Come vi distribuirete le figure di squallidi manipolatori e donne manipolate?
«Il regista vuole che ci alterniamo alla pari e di continuo in sembianze offensive e difensive, maschili e femminili. Mostrandoci in abiti neutri, t-shirt, jeans e a piedi scalzi. Il lavoro crea un dispositivo, mette in circolo domande che il pubblico deve completare, su un tema».
Quale tema?
«Ho pensato al sessismo, ma credo non sia solo quello. Ci sono questioni di genere, dinamiche di relazione, rapporti cannibali, senza soltanto la fenomenologia del maschio str...o.
Atteggiamenti espressi in modo sottile, all’insegna di nevrosi. Io Foster Wallace l’ho divorato, racconta il contemporaneo. Niente adattamento: è un simposio a teatro».
Vi scambiate il maschile e il femminile, con prevedibilità di carnefice e vittima?
«Al di là della violenza opaca delle parole, le contrapposizioni non determinano uguali prevalenze e sudditanze. L’ultima carta è giocata dallo spettatore. Vai a sapere qual è la scivolosità femminile di toni o posture, o la leadership “schifosa” maschile... potremmo discuterne con la platea».
Conta molto in questo faccia a faccia da cui nel 2009 John Krasinski ha tratto un film, che abbiate alle spalle un lungo rodaggio di compagnia?
«È determinante — dice Mazzarelli — le basi risalgono al 1999/2000 alla Paolo Grassi di Milano. Poi un Giulio Cesare, sei nostri spettacoli, e Amleto, Morte di Danton... ».
Musella, che monologhi di Foster Wallace la faranno passare per campione di squallore?
«Ne L’esca uso la menomazione fisica per sedurre. Ne La partita invento una montagna di frescacce pur di andarmene, come Gassman che dà patacche alle femmine ne I mostri.
Nel brano Radicale adotto discorsi di stupri, faccio la donna, ma sono un uomo orribile.
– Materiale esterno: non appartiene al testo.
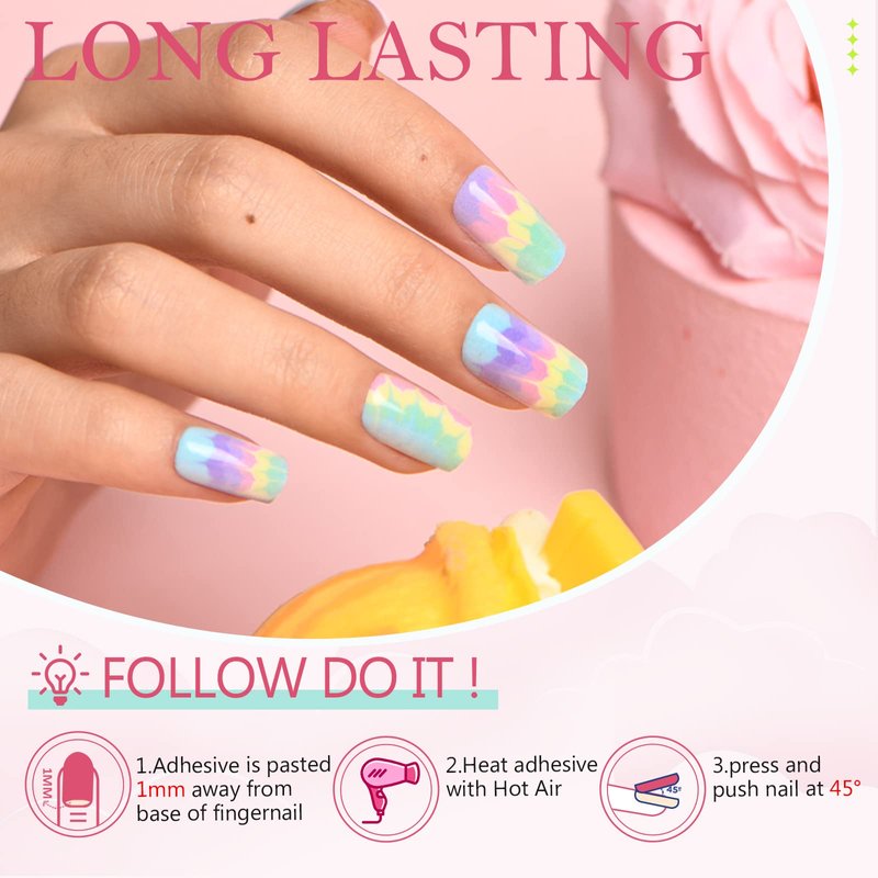 GLAMERMAID Tie Dye Press on Nails Medium Square, Ombre Green Pink Purple Spring Fake Nails Short, Summer Macaron Color Glue on Nails for Women Gift, Glossy Gel False Nail Kits Acrylic Stick on Nails
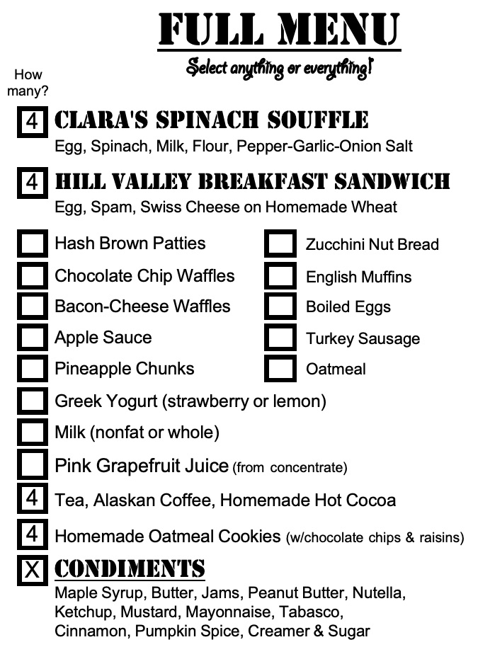 Website bookings include the full breakfast buffet menu every day of your stay. You reserve with a contract and pay by Cash, Check, or Electronically. Those who book through a service like AirBnB or VRBO get the full breakfast buffet only once.
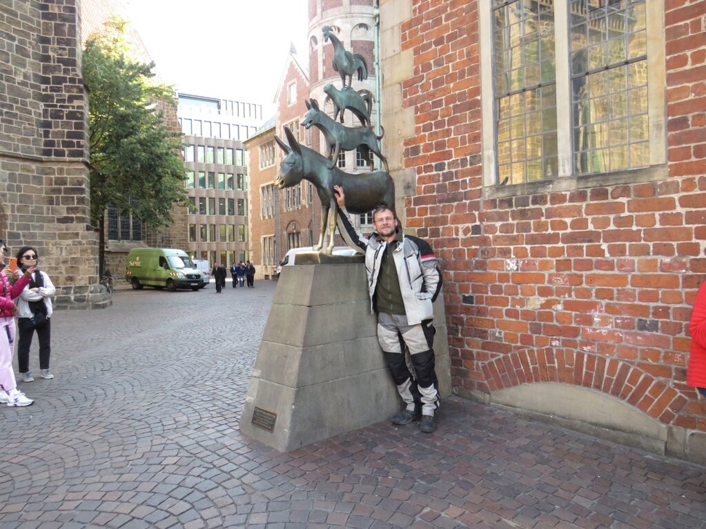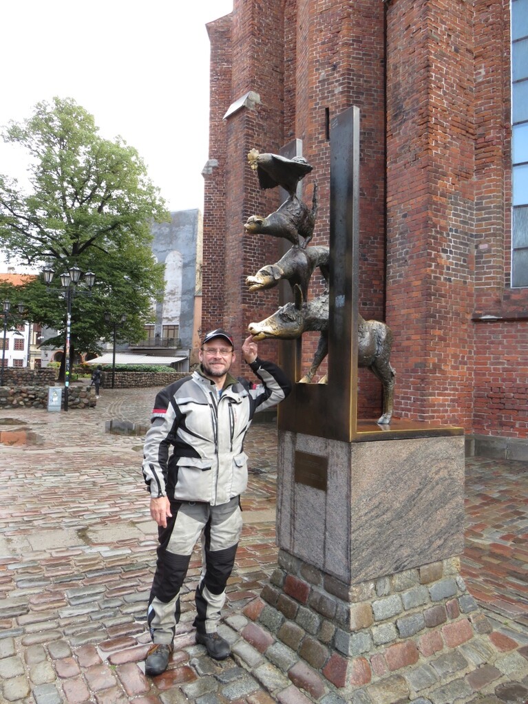 И вот как-то в Германии приехал в славный городок Бремен, известный на весь мир своими животными-музыкантами. Оставил мотоцикл просто на какой-то улице и пошёл гулять по центру. А хорошенько погуляв (и отметившись у знаменитого музыкального квартета), я вдруг осознаю, что совершенно не помню, на какой именно улице находится мой мотоцикл. К счастью, обычно я сразу везде начинаю всё вокруг фотографировать, поэтому первым делом стал просматривать фотографии в надежде найти название улицы или приметную точку поблизости. И нашёл... козла! Да, там действительно был памятник козлу! Дальше осталось через гугл-транслейт выяснить как пишется козёл по-немецки, а затем через навигатор, найдя этого Ziegel на карте города, проложить к нему пеший маршрут.

In Donna e uomo, il copione in apparenza più dialogato, tiro le fila del dispositivo, come a scambiarsi opinioni su un film appena visto, ma do pareri saccenti e generici da far paura».
Mazzarelli, a lei che tipi di maschi ributtanti toccano in sorte?
« Paternale è un pezzo più di Veronese che di Foster Wallace, ed è anche un quartiere di Buenos Aires, con un uomo che opprime la giovane figlia della donna con cui è stato.
Nell’incontro di Galline uso la teoria dell’apicoltore che distingue maschi e femmine, per capire la donna giusta. L’amante perfetto è un logorroico superficiale che vanta record in arte amatoria. Lei deve chiudere il negozio parte da un idillio ma poi taglia corto, filandosela».